Items from a dataset

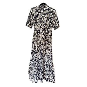Chic floral button bodice dress with tiered skirt and tie belt. Navy and white design.
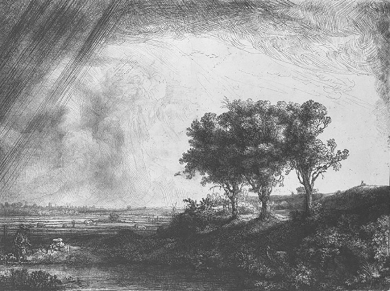 林布蘭特銅版畫〈三棵樹〉(The Three Trees),1643年。(公有領域)
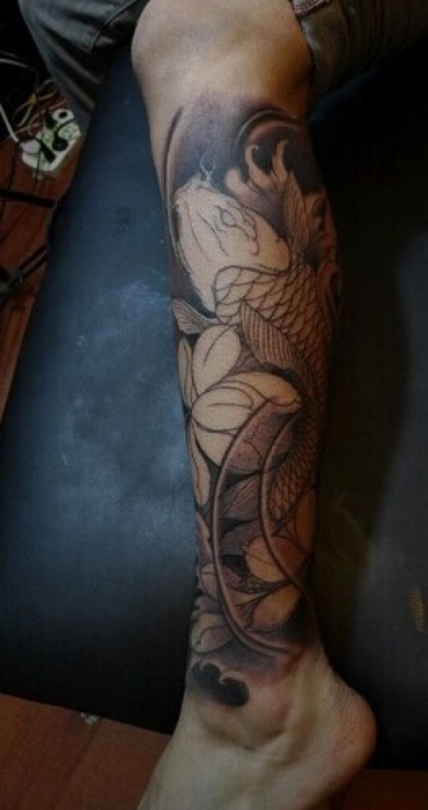 传统鲤鱼花小腿纹身_腿部纹身图案大全_纹身图吧
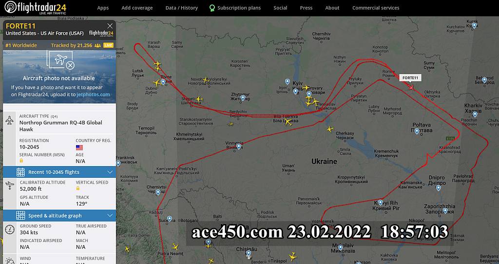Американский стратегический беспилотник Northrop Grumman RQ-4B Global Hawk c позывным FORTE11 строит свою траекторию полета таким образом что-бы перекрывать свой полет с полетом самолета ВВС Великобритании RC-135W с позывным RRR7218 , показанный выше.
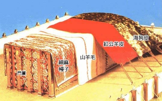 26:14 又要用染紅的公羊皮做罩棚的蓋;再用海狗皮做一層罩棚上的頂蓋。
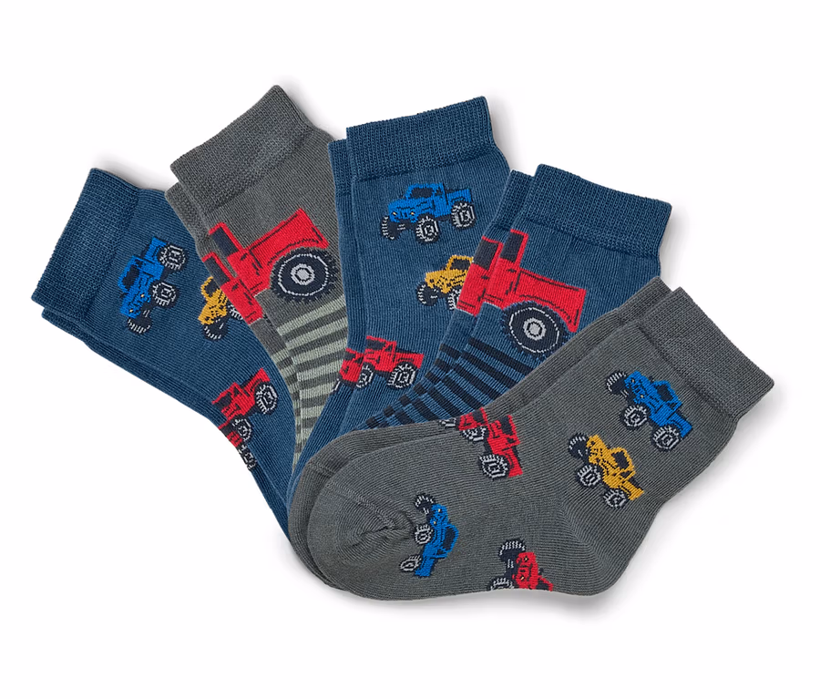 - 2 x bleu foncé avec motif camion multicolore tricoté, 1 x rayé bleu foncé-bleu avec motif camion tricoté, 1 x rayé vert foncé-gris-vert avec motif camion tricoté, 1 x vert foncé avec motif camion multicolore tricoté
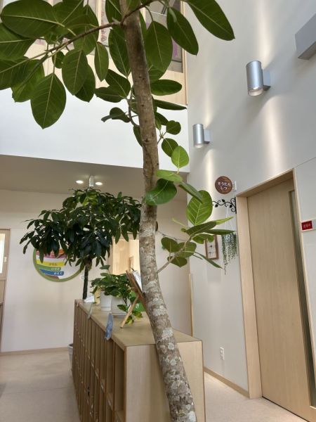白、茶を基調とし、植物の緑も加え暖かな雰囲気の園舎でした。子供を取り巻く環境として園舎までこだわりをもっているところがとても素敵だと感じました。

EXERCISE OBJECTIVE:
Transcribe all of the data above exactly; no picture belongs in the copy.

RESULT FOR THIS EXERCISE:
Chic floral button bodice dress with tiered skirt and tie belt. Navy and white design.
 林布蘭特銅版畫〈三棵樹〉(The Three Trees),1643年。(公有領域)
 传统鲤鱼花小腿纹身_腿部纹身图案大全_纹身图吧
Американский стратегический беспилотник Northrop Grumman RQ-4B Global Hawk c позывным FORTE11 строит свою траекторию полета таким образом что-бы перекрывать свой полет с полетом самолета ВВС Великобритании RC-135W с позывным RRR7218 , показанный выше.
 26:14 又要用染紅的公羊皮做罩棚的蓋;再用海狗皮做一層罩棚上的頂蓋。
 - 2 x bleu foncé avec motif camion multicolore tricoté, 1 x rayé bleu foncé-bleu avec motif camion tricoté, 1 x rayé vert foncé-gris-vert avec motif camion tricoté, 1 x vert foncé avec motif camion multicolore tricoté
白、茶を基調とし、植物の緑も加え暖かな雰囲気の園舎でした。子供を取り巻く環境として園舎までこだわりをもっているところがとても素敵だと感じました。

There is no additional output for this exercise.